The cylinder injection control executes an auxiliary injection after a main injection at a timing delayed from a normal burn so as to continue the burn at a delayed timing, in the case where the exhaust gas temperature is lower than the active temperature of an oxidation catalyst disposed upstream of the filter or supported on the filter. The exhaust gas is heated by executing so-called multi injection (multi-stage injection) to the temperature higher than the active temperature to execute a post injection (posterior injection) and then the fuel in the exhaust gas is burned by the catalytic reaction of the oxidation catalyst. Thereby the filter is regenerated by burning and removing collected PM after raising the exhaust gas temperature higher than a temperature the PM collected in the filter can be burned.
Normally with continuous regeneration-type DPF devices, as disclosed in Japanese patent application Kokai publication No. 2002-276340 and Japanese patent application Kokai publication No. 2003-286887, for example, when the collected quantity of PM reaches a preset limit, the traveling condition is automatically changed to regeneration mode and the collected PM is oxidized and removed by forcibly raising the exhaust gas temperature or increasing the quantity of NOx. And thereby, the filter is regenerated.

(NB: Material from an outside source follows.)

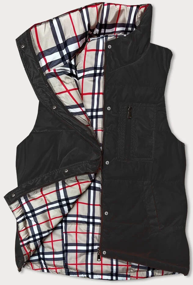 Jedna strana vesty je hladká a druhá je ozdobená károvaným vzorem burberry. Model má volný trapézový střih, stojáček, dvě kapsy bez zapínání a zapíná se zipem. Vesta má délku k bokům. Spodní okraj modelu je půlkulatý a přední část vesty je o něco kratší než zadní.

In the case where traveling patterns with a high exhaust gas temperature are generally frequent, such as the case in traveling on expressways is the main purpose of the user, an uneven accumulation of PM which does not appear as a differential pressure of the DPF device is developed at the periphery of the filter. Therefore, another method is conceived which forcibly burn the PM during traveling by supplying a traveling distance into a regeneration starting condition.
Nevertheless, in terms of actual traveling conditions, in particular, in such a place like an urban area, traveling and stopping are frequently repeated because of traffic signals and the like. Therefore the repetition makes internal combustion engine load varies between traveling condition and stationary idling condition in a complicated manner and the exhaust gas temperature which is important for the DPF regeneration control varies also in a complicated manner. For this reason, it is possible dependent on traveling patterns that DPF regenerating control will not terminate within the preset time or the exhaust gas temperature is not raised sufficiently. Therefore it arises a problem that the collected PM is not be burned and removed sufficiently.